The book mentions that the book publication was held up due on non-disclosure agreements that expired in 2011 (and likely why you hadn’t seen the book at the time of your 2009 post). There is also further information about the Tarin Transform Method and a patent on that method (US PTO 6,009,432 – 12/28/1999 – Value-Instance-Connectivity Computer-Implemented Database). I am still in the process of reading the book, but found some interesting info so far.

I will be interested to hear your comments on this book – perhaps in a future post.

Thanks again for your writings and thoughts.

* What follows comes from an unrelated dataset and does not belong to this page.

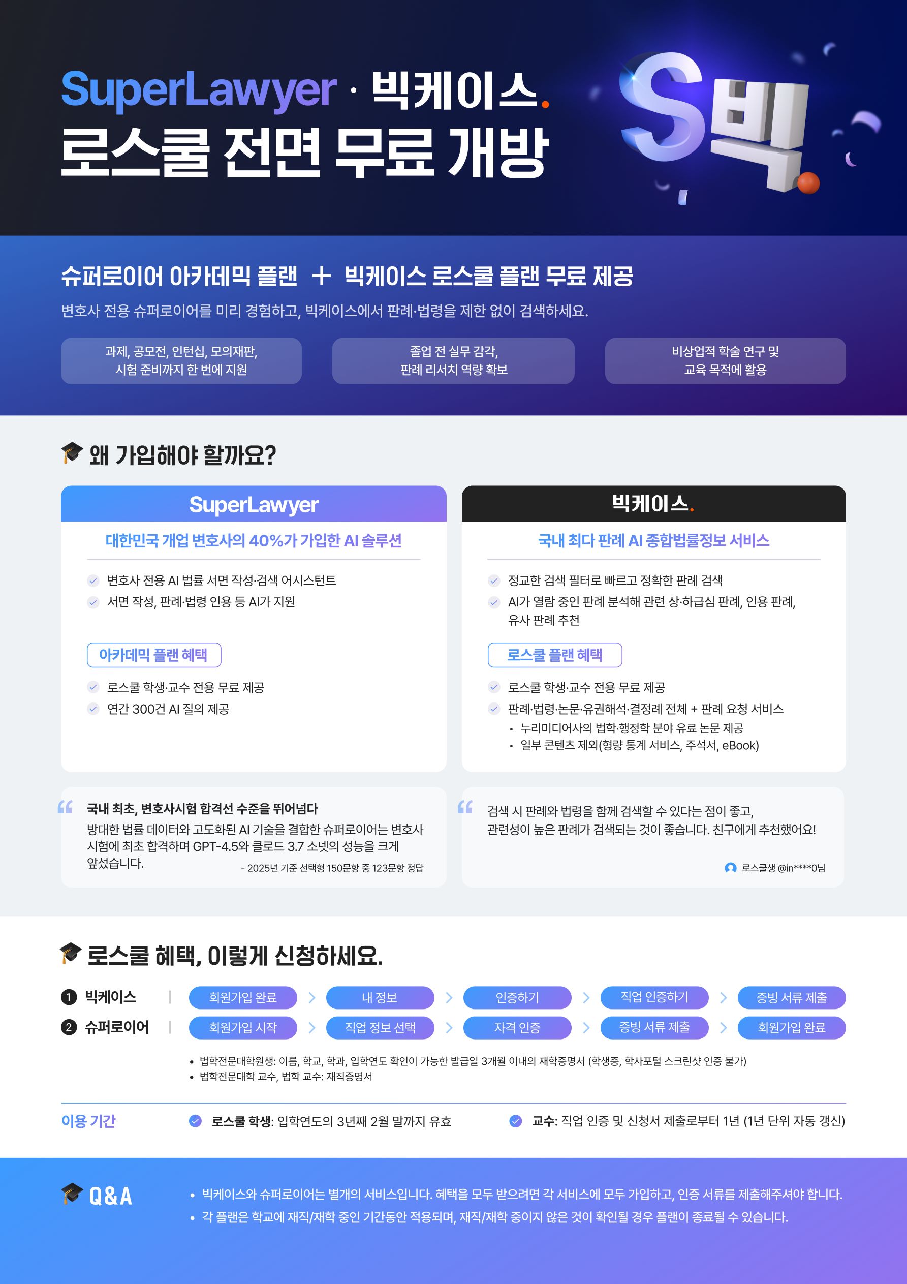| 슈퍼로이어·빅케이스 로스쿨 전면 무료 제공 | |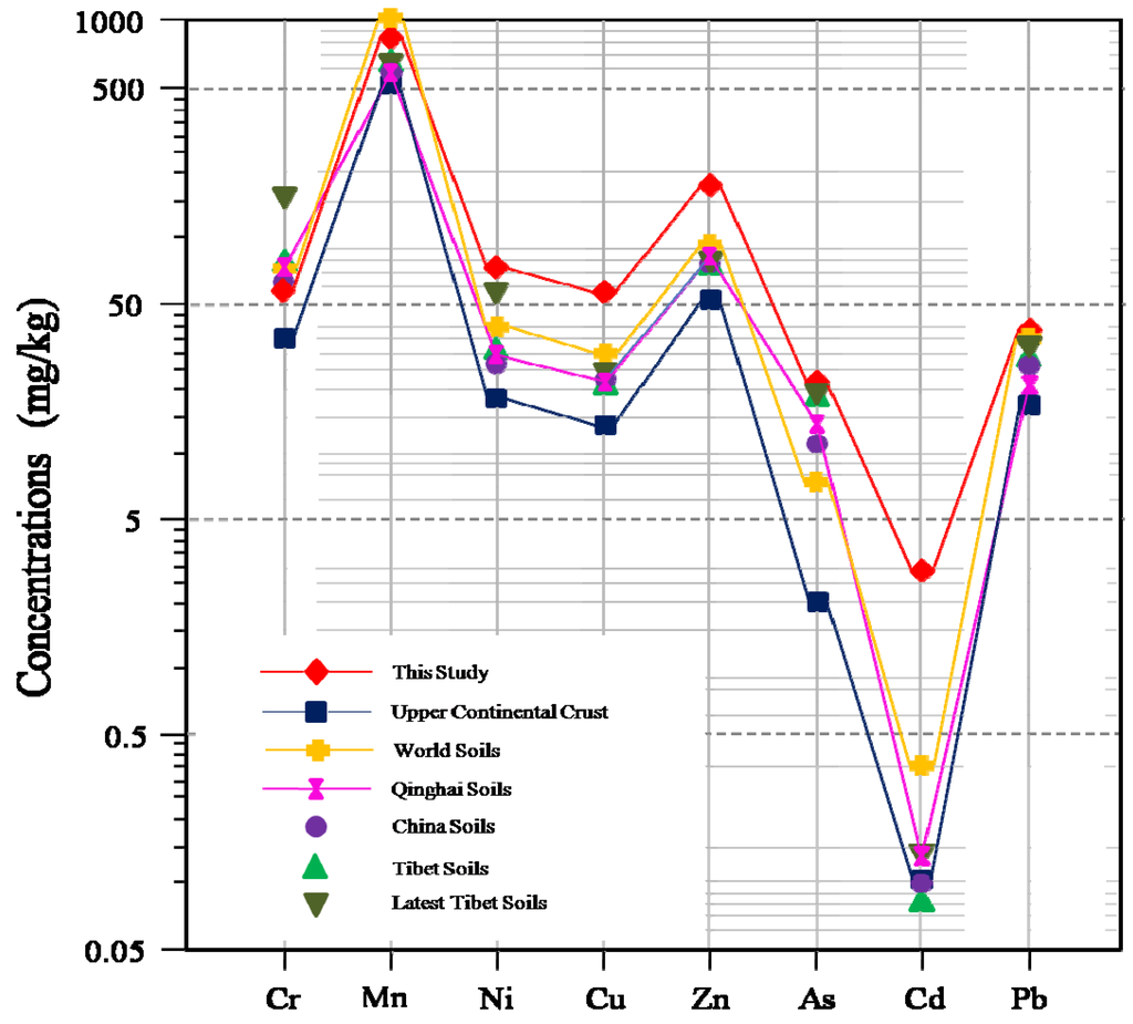 In this study, the concentrations of Mn, Ni, Cu, Zn, As, Cd and Pb have been found to be elevated in the upper reaches of the Heihe River. All seven HMs are above the background levels compared with the soils of the world, China, Tibet and Qinghai Province. Chromium (Cr) is the only metal showing lower concentrations than the reference soils, while Cd is highly elevated compared to the reference samples. The high Cd background concentration is due to well-preserved limestone, distinctive ore-forming geological conditions and the geochemical background. HMs in soils mainly originated from the weathering of underlying bedrocks. However, anthropogenic activities, such as geological exploration and mineral resources exploitation, may expedite the weathering process.

Scott R.; March 28, 2013 at 8:34 PM
Sadhana Rathore said...: I wanted to thank for sharing this article and I have bookmarked this page to check out new stuff.
AWS Training in Chennai
AWS course in Chennai
DevOps certification in Chennai
DevOps Training in Chennai
Data Science Course in Chennai
Data Science Training in Chennai
AWS Training in OMR
AWS Training in Porur; February 7, 2019 at 3:55 AM
Raga Designers said...: I have read your excellent post. Thanks for sharing

aws training in chennai
big data training in chennai
iot training in chennai
data science training in chennai
blockchain training in chennai
rpa training in chennai
security testing training in chennai; July 15, 2019 at 7:32 AM
Racim Boudjakdjk said...: Robert,

Codd's response to previous hierarchic or graph databases was not more speed or more power but rather total physical independence.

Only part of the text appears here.